Baby Bear: Seeking a Just Right Rating Scale for Scalar Annotations
This work addresses the challenge of scalable and cost-effective annotation for tasks like sentiment analysis and dialogue evaluation, though it is incremental in optimizing existing annotation approaches.
The researchers tackled the problem of efficiently assigning scalar ratings to large datasets by comparing iterative Best-Worst Scaling (IBWS) with direct assessment methods, finding that certain direct methods achieve high correlation (e.g., 0.95) with IBWS at lower cost.

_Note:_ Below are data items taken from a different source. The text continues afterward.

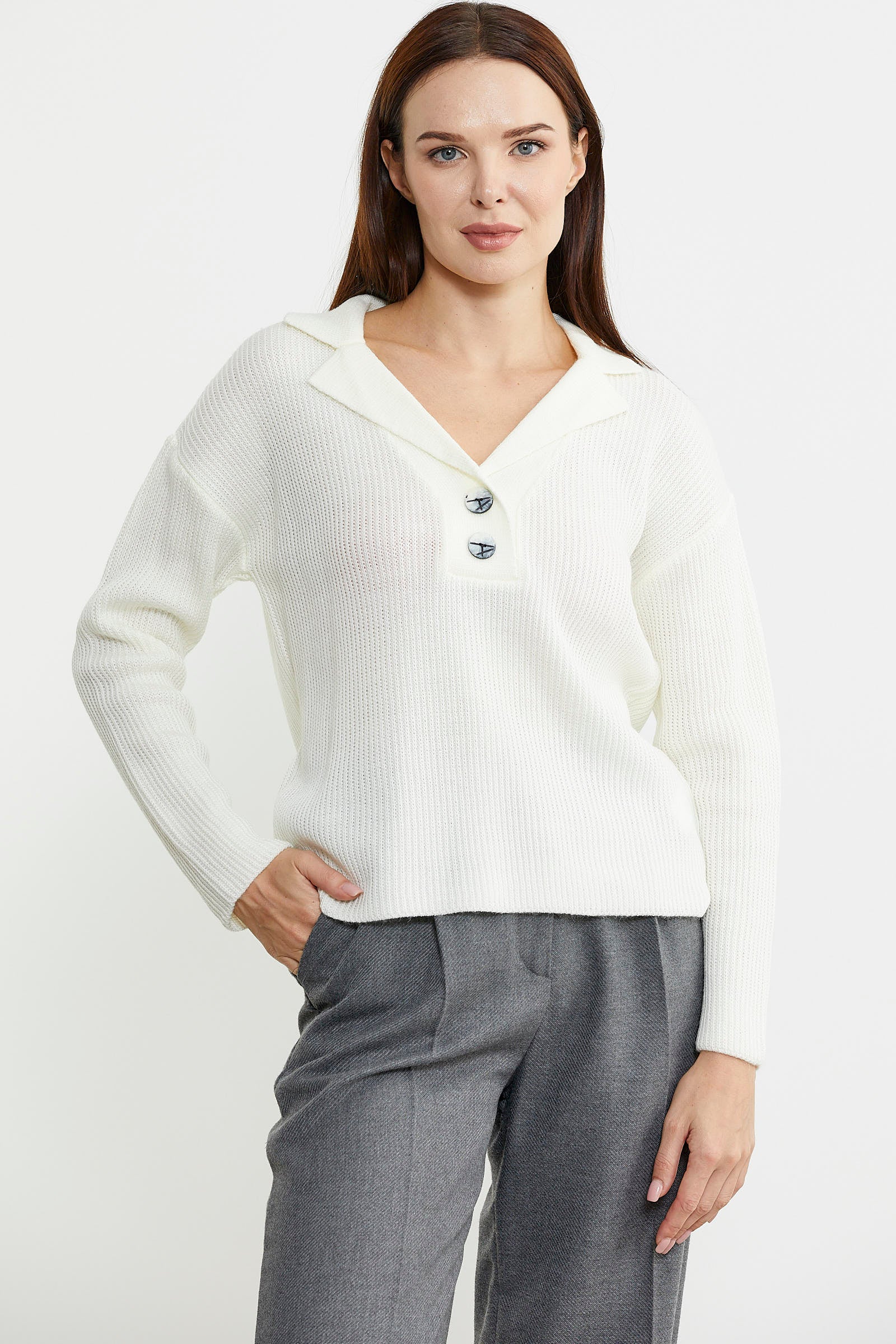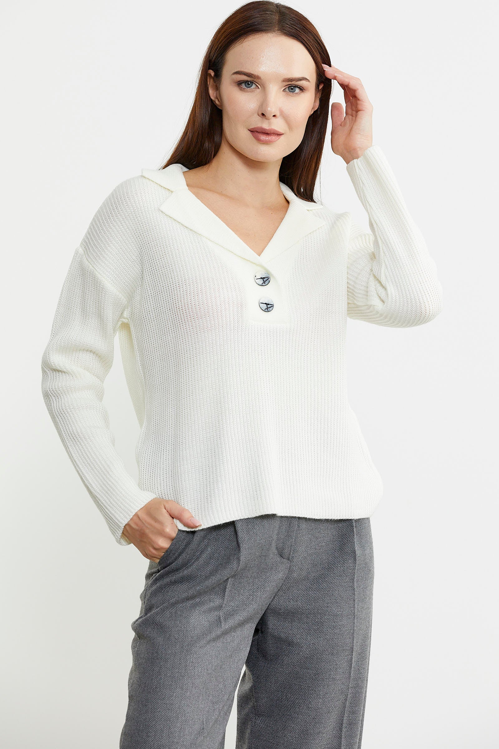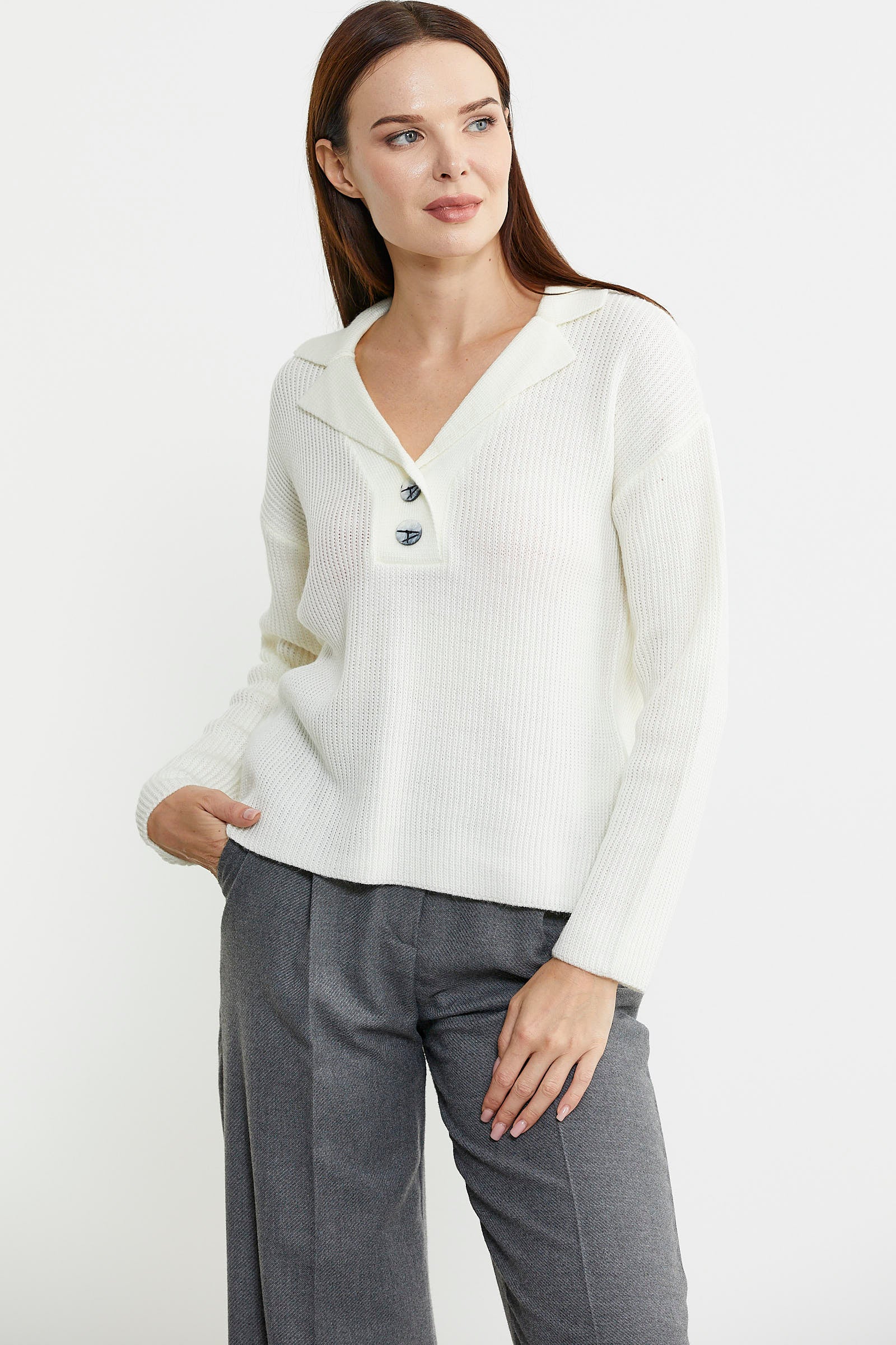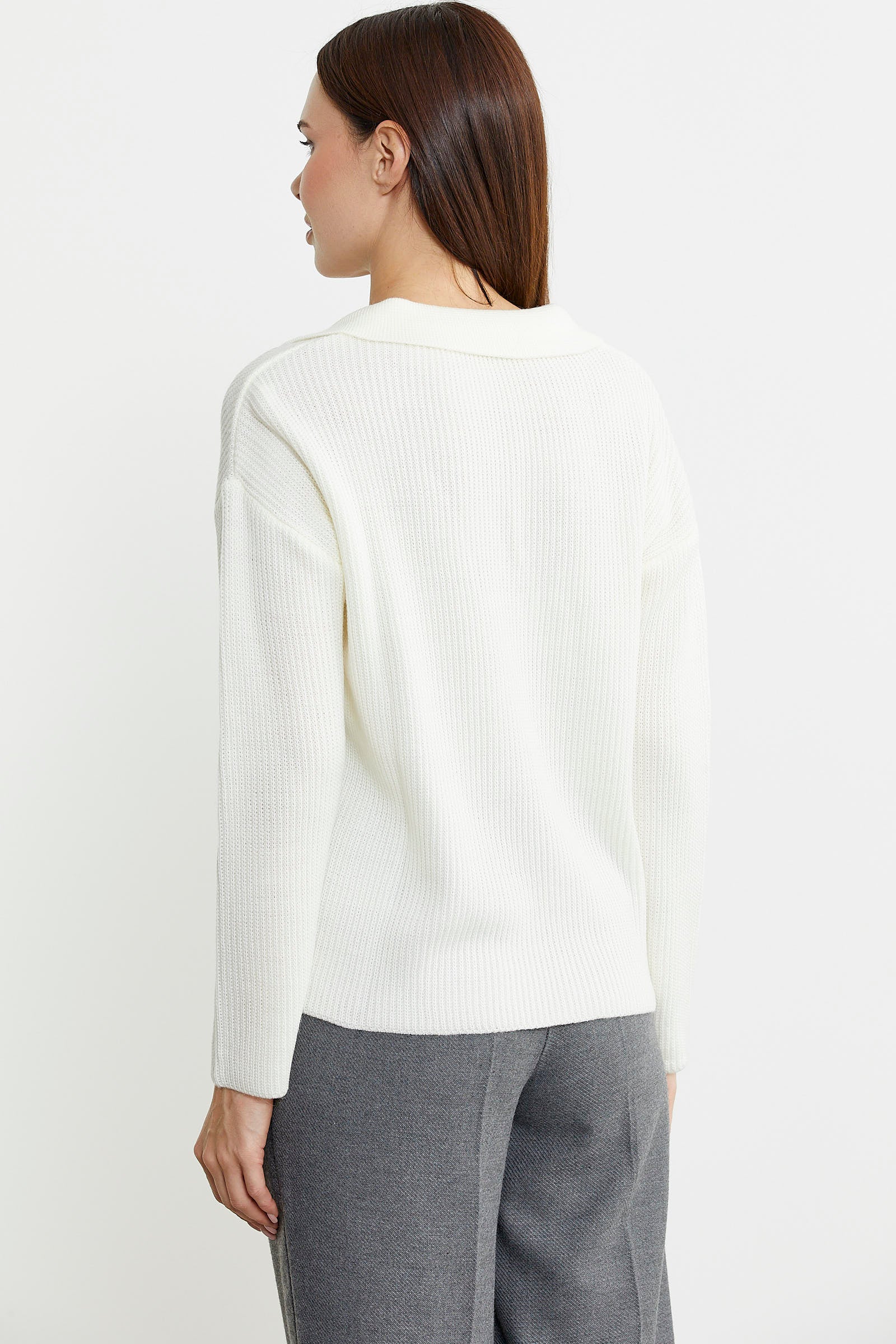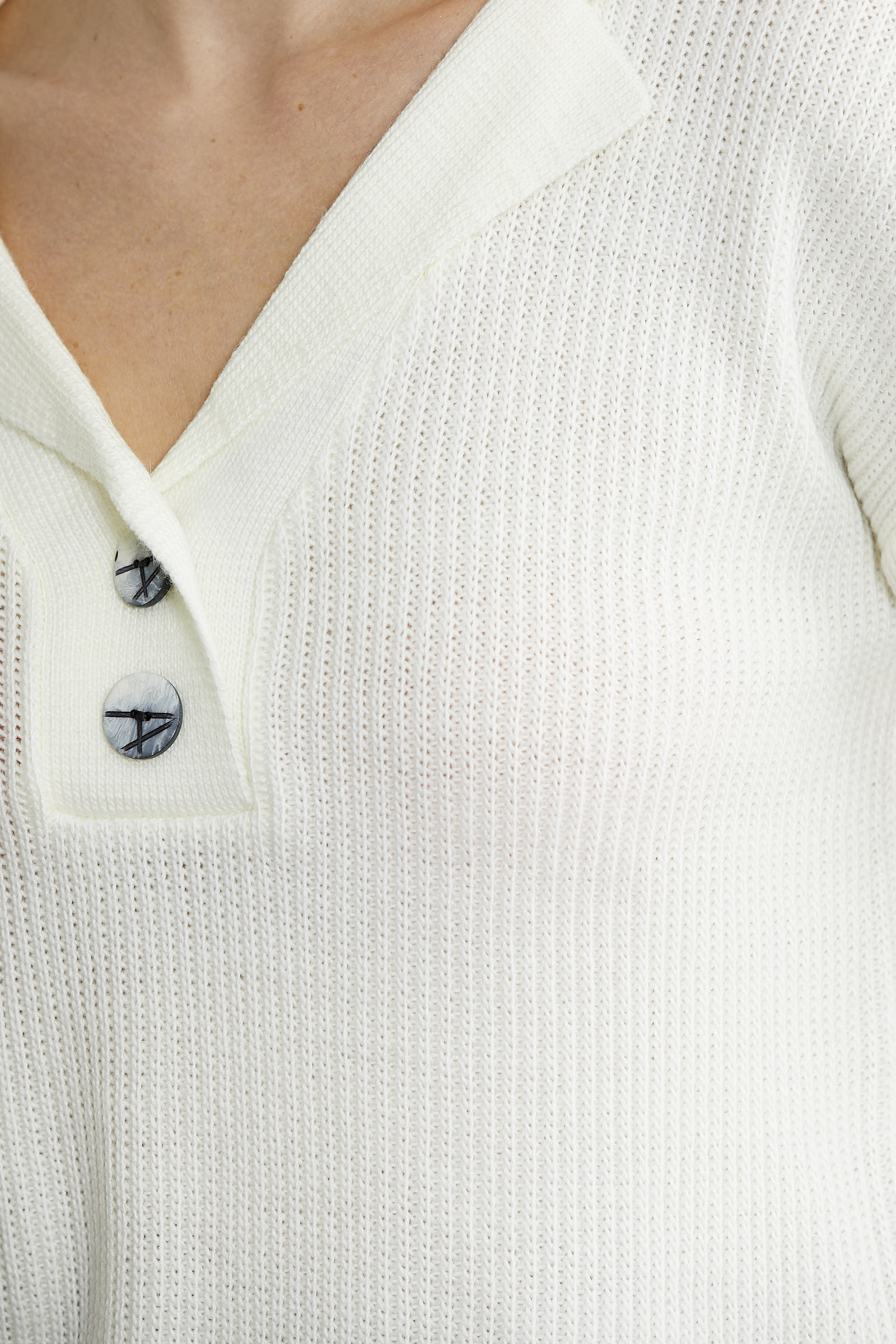 Gömlek Yaka Düğmeli Yünlü Triko Kazak - Kemik
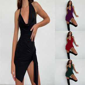 2022亚马逊春夏跨境新款欧美女装挂脖镂空绑带开叉...
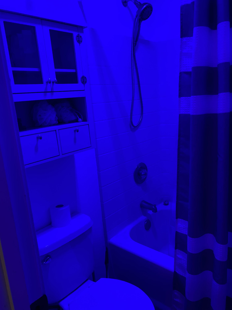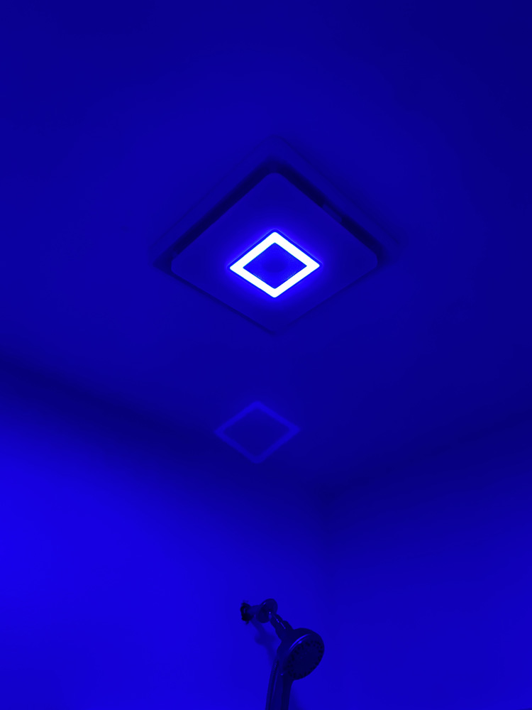 New Bathroom Fan w/ Bluetooth SpeakerJanuary 2025The boys bathroom was painted blue and decorated with monkeys when they were little and was super cute, but it really needed an update. The monkey decor was removed a long time ago, and we painted the cabinets, but we decided to paint the small toilet area white to make it feel brighter. That area was also starting to get spots of mold on the ceiling because the old fan was not working well, and they take very long, hot showers! We had Lowe's mix in a mold block with the paint, and also picked up this awesome fan with 2 night light colors and a Bluetooth speaker! We added some new accessories, like this toilet paper holder with a shelf, and we will be adding several more things to update it. It is so much nicer and looks so clean and bright! UPDATE: We finally finished painting the main part of the bathroom too! Click any image for larger view.
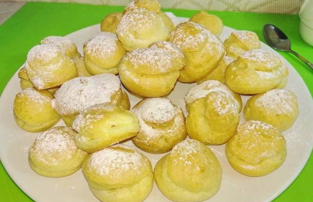 Zachte en malse soesjes met custard zijn eenvoudig te bereiden volgens het klassieke recept. Zelfgemaakt dessert zal een familietheekransje of een feestelijke tafel versieren. Let op een heerlijk culinair idee.
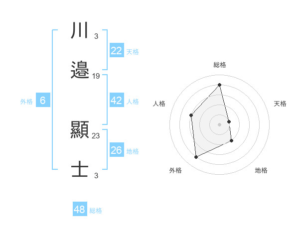 川邉 顯士さんの総格は48画の4点!

Our goal is a mechanism for efficiently assigning scalar ratings to each of a large set of elements. For example, "what percent positive or negative is this product review?" When sample sizes are small, prior work has advocated for methods such as Best Worst Scaling (BWS) as being more robust than direct ordinal annotation ("Likert scales"). Here we first introduce IBWS, which iteratively collects annotations through Best-Worst Scaling, resulting in robustly ranked crowd-sourced data. While effective, IBWS is too expensive for large-scale tasks. Using the results of IBWS as a best-desired outcome, we evaluate various direct assessment methods to determine what is both cost-efficient and best correlating to a large scale BWS annotation strategy. Finally, we illustrate in the domains of dialogue and sentiment how these annotations can support robust learning-to-rank models.